5.1
A polymer is a long molecule consisting of many similar or identical monomers linked
together by covalent bonds. E.g. large carbohydrates, proteins, nucleic acids.
A monomer is a small molecule; a subunit that serves as the building block of a polymer.
In the cell polymers are formed by enzymes: a (specialized) macromolecule serving as
catalyst, a chemical reagent that increases the rate of a reaction without being consumed by
the reaction. Most enzymes are proteins (eiwitten).
Connecting monomers is an example of a dehydration reaction: a reaction in which two
molecules are covalently bonded to each other with the loss of a water molecule. One
monomer provides a hydroxyl- group (-OH) as the other molecule provides a hydrogen atom
(-H). The two molecules are connected to the oxygen-atom (-O-) from the
molecule that has given away it’s hydrogen atom. As this process proceeds more
monomers are connected forming a polymer. This process is called
polymerization.
Polymers can be disassembled to monomers by hydrolysis, a process where water
is used to break the covalent bond between two molecules. Both molecules then
have a hydroxyl- group. E.g. digestion: enzymes attack the polymers so that the
monomers can go into our system.
The diversity in life’s polymers lies in the arrangement (particular linear sequence
that the units follow).
5.2
Carbohydrates (koolhydraat) include sugars and polymers of sugars (disaccharides
or polysaccharides).
Monosaccharide is the simplest saccharide, active alone or serving as a monomer
for a disaccharide or polysaccharide. They’re also called simple sugars,
monosaccharides generally have a molecular formula that are generally some
multiple of CnH2nOn. they have a carboxyl group (>C=O) and multiple hydroxyl
groups (-OH).
Depending on the position of the carboxyl group the sugar molecule is a ketose or
an aldose. Ketose has the carboxyl group within the carbon skeleton. An aldose has the
carboxyl group at the end of the carbon skeleton.
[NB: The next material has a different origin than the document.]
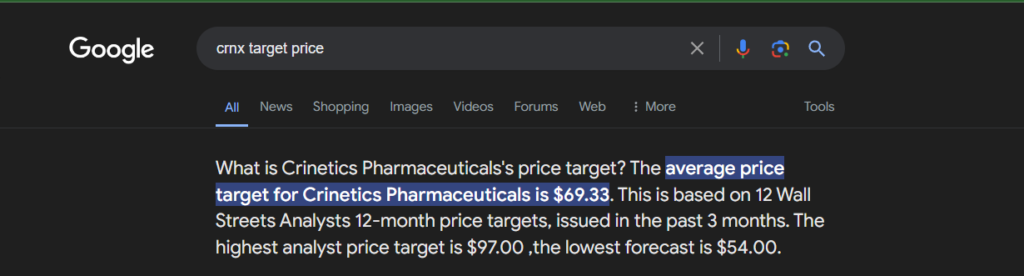 You can prove to yourself that the stock market is full of it. Well, that did not come out right. The stock market is full of predictions. Suppose you google “CRNX Target Price.” Lo and behold the first thing that pops up is as shown below.

Examples of simple sugars (monosaccharide):
Glucose and fructose have six carbons; they’re called
hexoses. Trioses (three carbon sugars) and pentoses
(five carbon sugars) are also common.
Sugar monomers are also able to differ in structure, as
they are isomers. Glucose and galactose, for example,
differ in one asymmetrical placement of parts around
carbon atom.
In aqueous conditions five and six carbon sugars form
rings, because that’s when they are most stable.